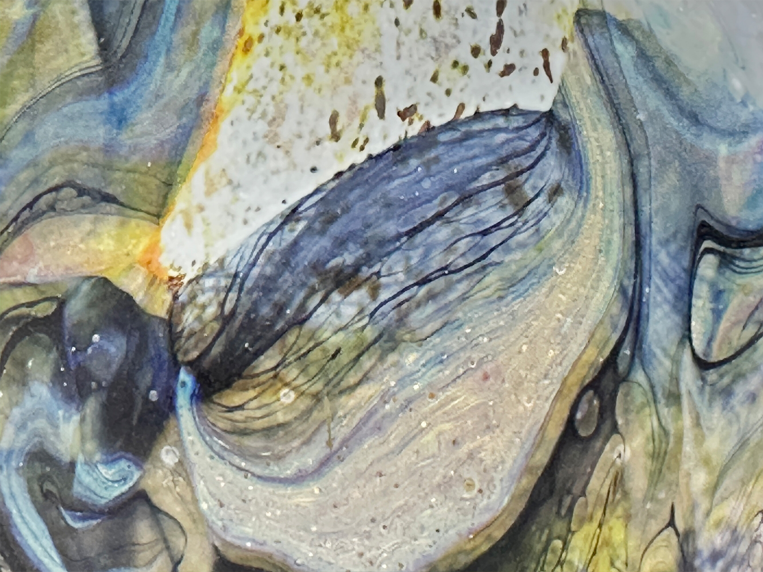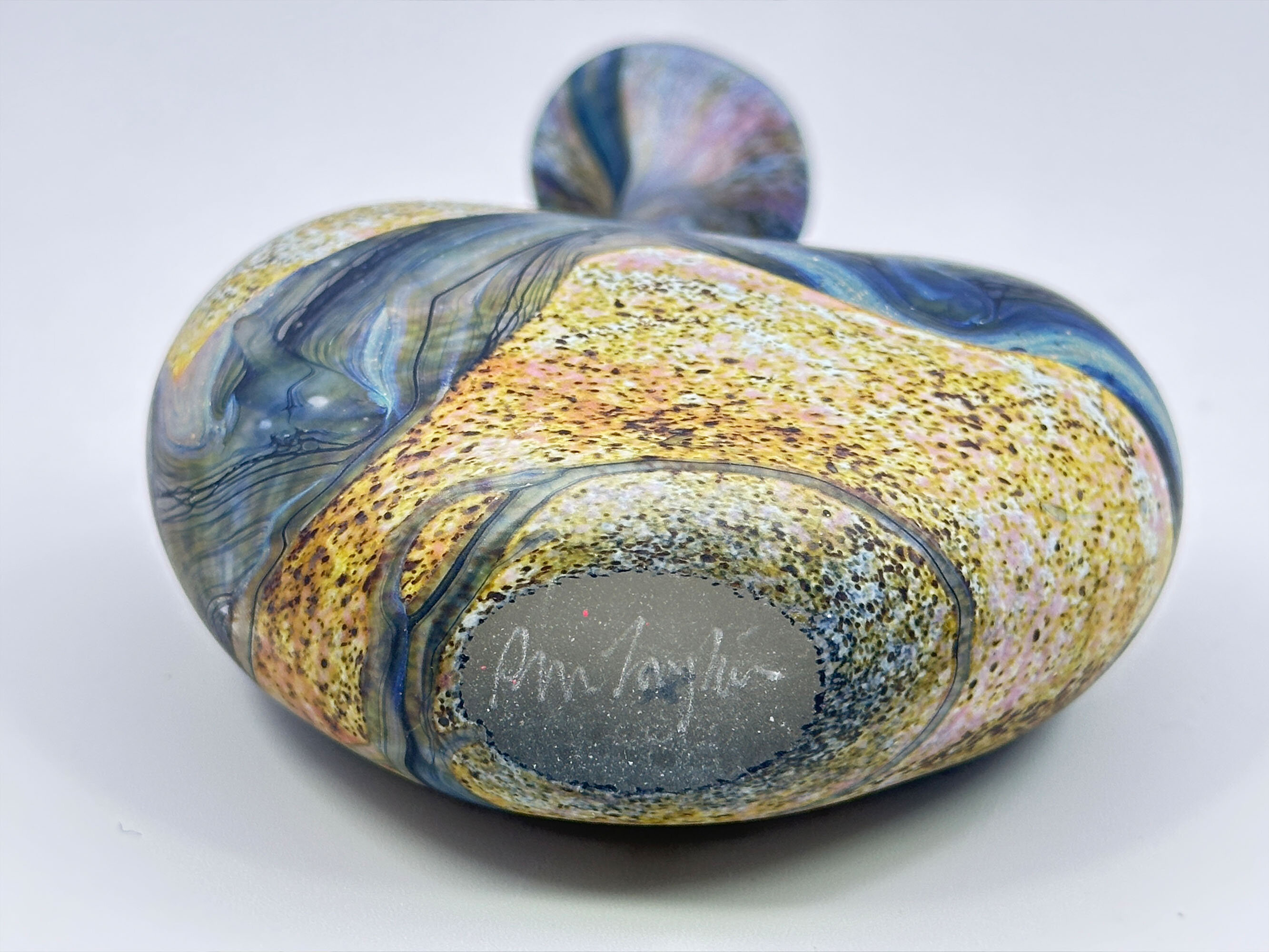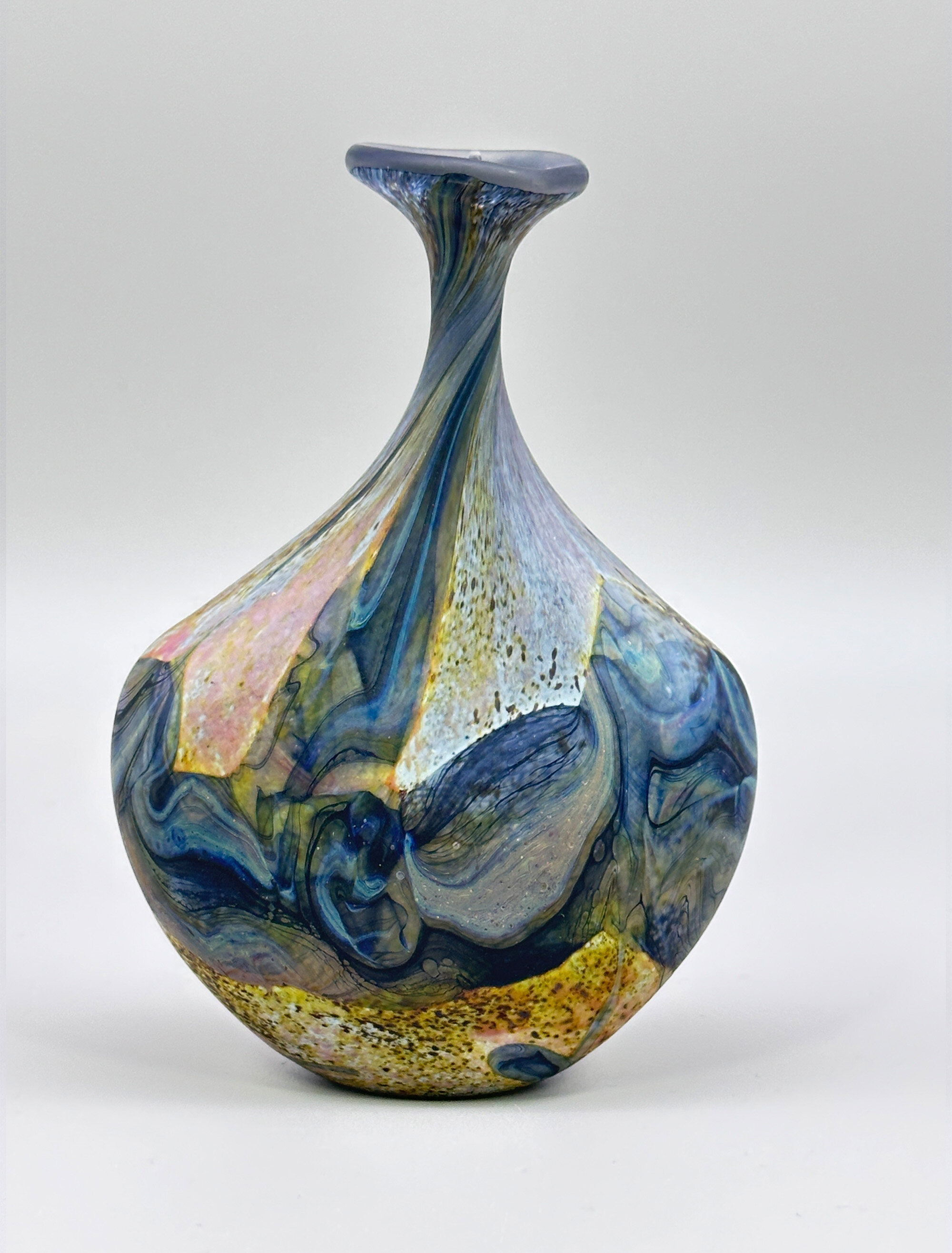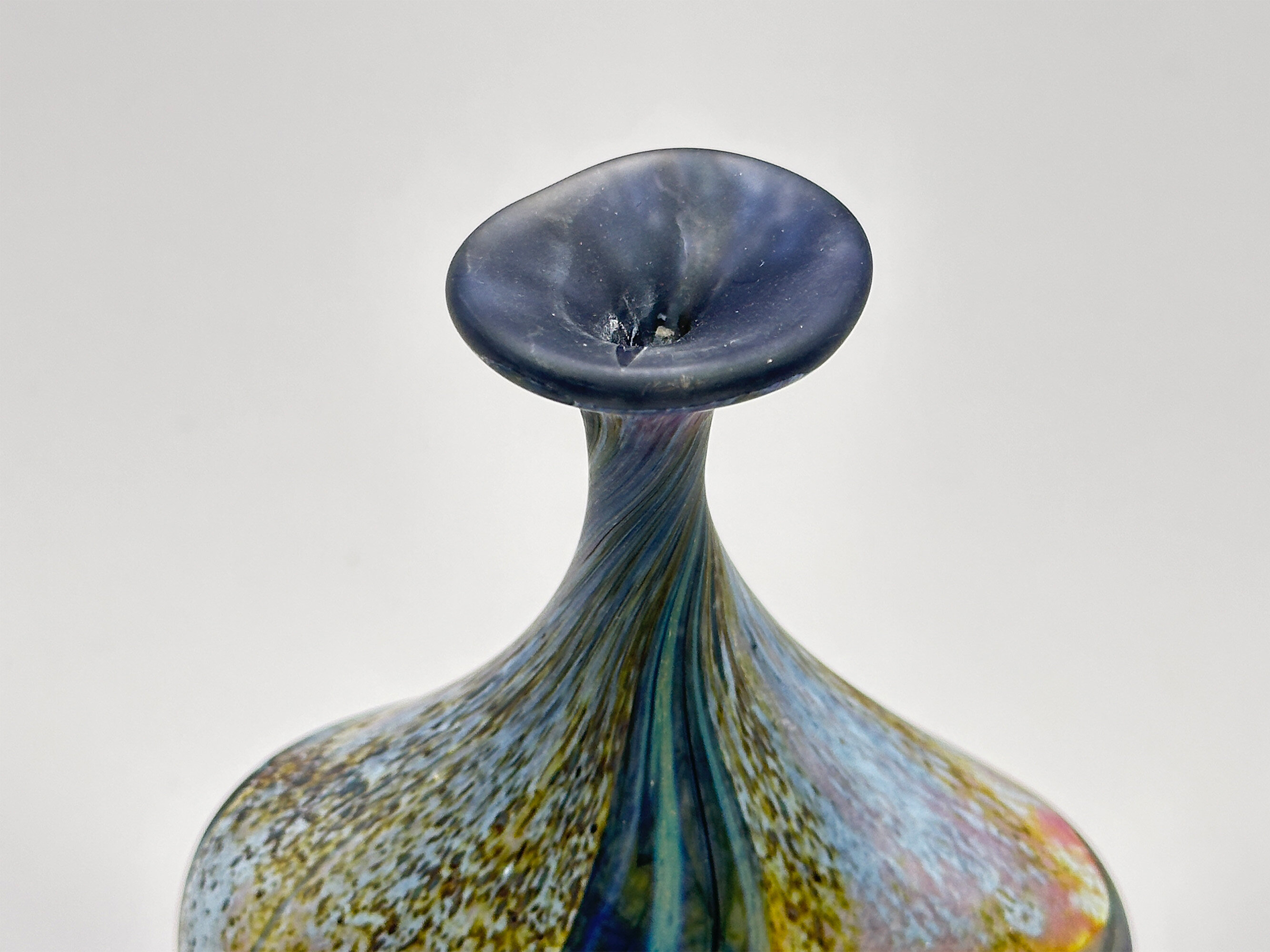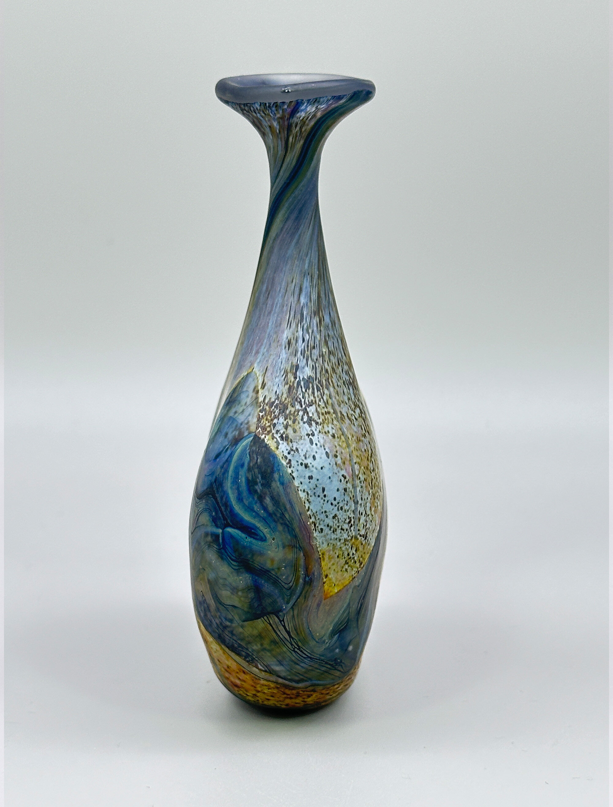 A frosted art glass vase of near ‘lollipop’ form the broad and narrow rounded body with the shoulder curving sharply inwards towards the slender neck which flares outwards to the wavy top rim, the base flat with an etched signature for Peter Layton, the decoration a mixture of abstract and organic segments in tones of blue, brown and mustard with flecking and wave like effects, the whole with a naturalistic ‘feel’.Peter Layton is one of Britain’s most celebrated glass artists. Born in 1936, his initial interest was in ceramics but in 1965, while on a teaching post at the University of Iowa, his focus changed and he began to study the art of glass blowing, at a time when the art glass movement in America had an enthusiastic following. Returning to England in 1968, he started a a small glass studio in the Highlands of Scotland while relying on pottery to earn a living. Eight years later, in 1976, he opened the ‘London Glassblowing’ studio which continues to this day and where Peter Layton, now in his eighties, continues to train and supervise upcoming glass artists as well as producing his own work.
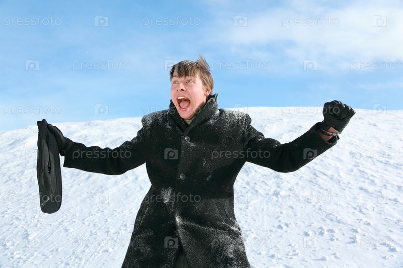 Мужчина кричит на покрытом снегом поле, широко распростертые руки
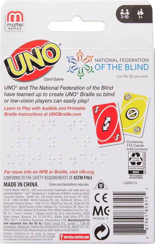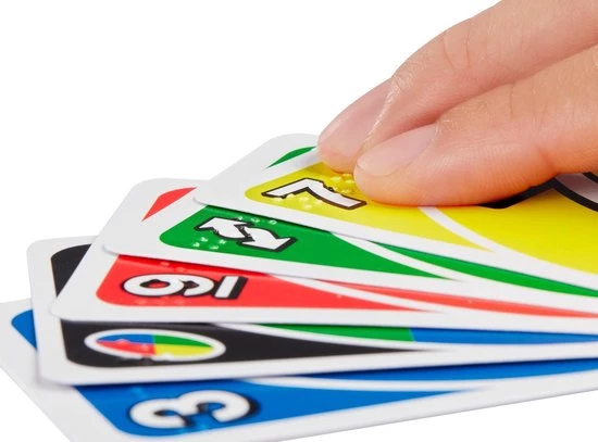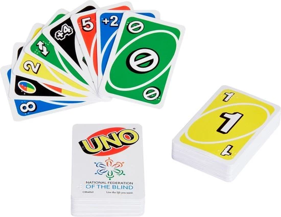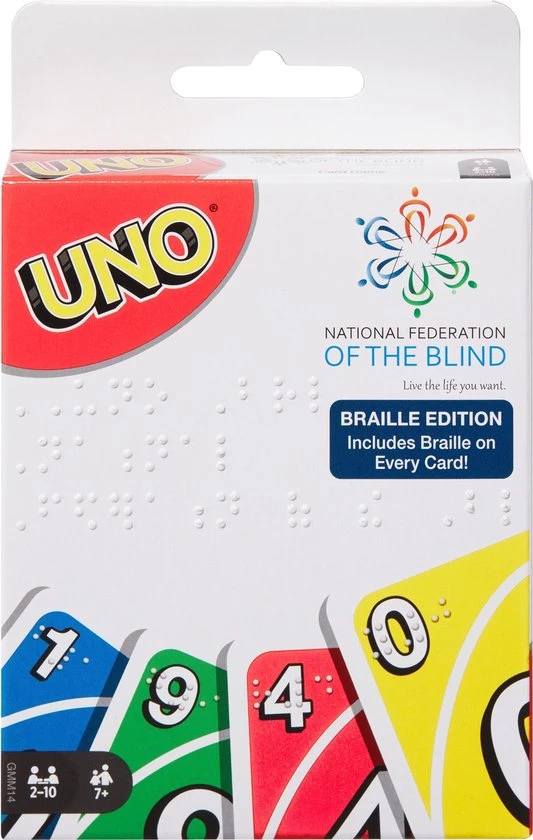 ? UNO? Braille is ontwikkeld in samenwerking met de National Federation of the Blind zodat blinde en slechtziende spelers ook mee kunnen spelen.

.....

Before you return the listing exactly, strip out its pictures.

▶ _Answer space_:
 A frosted art glass vase of near ‘lollipop’ form the broad and narrow rounded body with the shoulder curving sharply inwards towards the slender neck which flares outwards to the wavy top rim, the base flat with an etched signature for Peter Layton, the decoration a mixture of abstract and organic segments in tones of blue, brown and mustard with flecking and wave like effects, the whole with a naturalistic ‘feel’.Peter Layton is one of Britain’s most celebrated glass artists. Born in 1936, his initial interest was in ceramics but in 1965, while on a teaching post at the University of Iowa, his focus changed and he began to study the art of glass blowing, at a time when the art glass movement in America had an enthusiastic following. Returning to England in 1968, he started a a small glass studio in the Highlands of Scotland while relying on pottery to earn a living. Eight years later, in 1976, he opened the ‘London Glassblowing’ studio which continues to this day and where Peter Layton, now in his eighties, continues to train and supervise upcoming glass artists as well as producing his own work.
 Мужчина кричит на покрытом снегом поле, широко распростертые руки
 ? UNO? Braille is ontwikkeld in samenwerking met de National Federation of the Blind zodat blinde en slechtziende spelers ook mee kunnen spelen.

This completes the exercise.